Supplied material:

**********

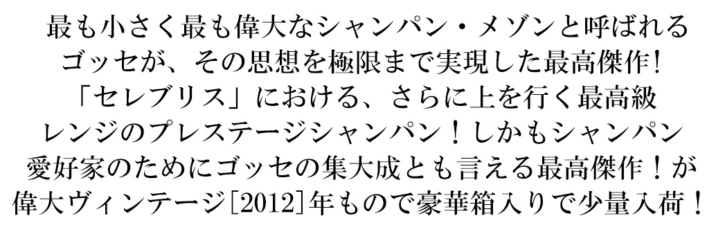 ゴッセ社が誇る最高峰キュヴェで400年の歴史の中でも指折りの年のひとつとなった偉大ヴィンテージ[2012]年ものが正規品で待望入荷!
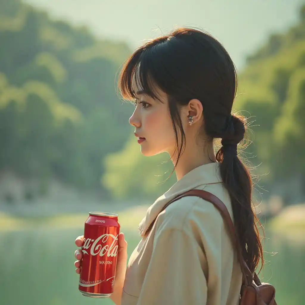 Une Japonaise tient du Coca-Cola aux teintes chaudes
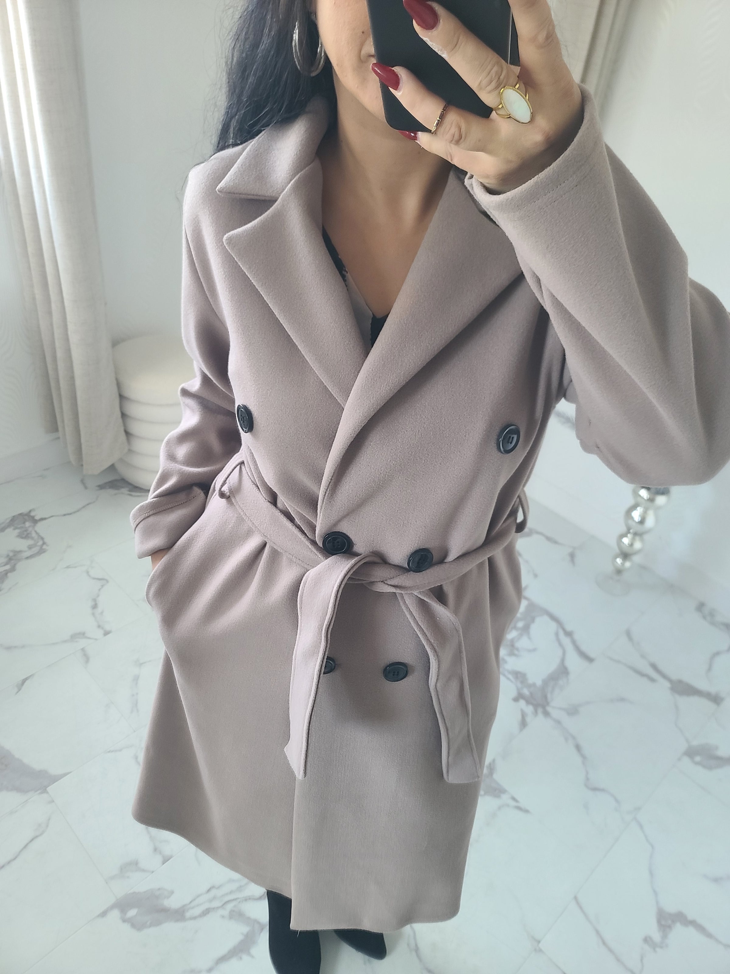 Magnifique manteau en drap de laine, avec poches et ceinture à la taille

**********

Exercise requirements:
Transcribe all data precisely. Pictures are not copied.

Written answer:
 ゴッセ社が誇る最高峰キュヴェで400年の歴史の中でも指折りの年のひとつとなった偉大ヴィンテージ[2012]年ものが正規品で待望入荷!
 Une Japonaise tient du Coca-Cola aux teintes chaudes
 Magnifique manteau en drap de laine, avec poches et ceinture à la taille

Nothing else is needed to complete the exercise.